Las disfruto, siempre que me sepa a salvo y no hagan daño. Son un espectáculo
impresionante, muy digno de ser contemplado.
En su
honor, a ver si se acercan por aquí un poquito aunque sea, comparto esta foto de una bonita tormenta iluminada por el sol de la tarde, y un texto de Platero y yo en el que Juan Ramón Jiménez
describe una que debió darle mucho miedo, o es que no le gustaban y
le asustaban todas. No lo sé.
Miedo.
Aliento contenido. Sudor frío. El terrible cielo bajo ahoga el amanecer. (No
hay por dónde escapar.) Silencio... El amor se para. Tiembla la culpa. El
remordimiento cierra los ojos. Más silencio...
El
trueno, sordo, retumbante, interminable, como un bostezo que no acaba del todo,
como una enorme carga de piedra que cayera del cenit al pueblo, recorre,
largamente, la mañana desierta. (No hay por dónde huir.) Todo lo débil—flores,
pájaros—desaparece de la vida.
Tímido,
el espanto mira, por la ventana entreabierta, a Dios, que se alumbra
trágicamente.

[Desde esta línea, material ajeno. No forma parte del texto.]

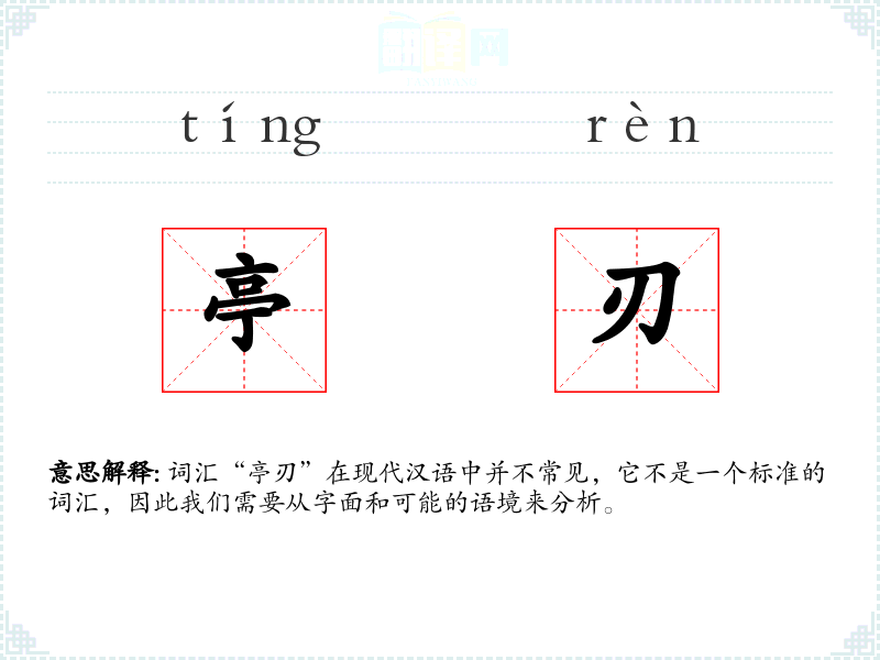 词汇“亭刃”在现代汉语中并不常见,它不是一个标准的词汇,因此我们需要从字面和可能的语境来分析。

Allá en Oriente, entre desgarrones de nubes, se ven malvas y
rosas tristes, sucios, fríos, que no pueden vencer la negrura. El coche de las
seis, que parecen las cuatro, se siente por la esquina, en un diluvio, cantando
el cochero por espantar el miedo. Luego, un carro de la vendimia, vacío, de
prisa...
¡Ángelus!
Un Ángelus duro y abandonado, solloza entre el tronido. ¿El último Ángelus del
mundo? Y se quiere que la campana acabe pronto, o que suene más, mucho más, que
ahogue la tormenta. Y se va de un lado a otro, y se llora, y no se sabe lo que
se quiere...
(No
hay por dónde escapar.) Los corazones están yertos. Los niños llaman desde
todas partes...
—¿Qué
será de Platero, tan solo en la indefensa cuadra del corral?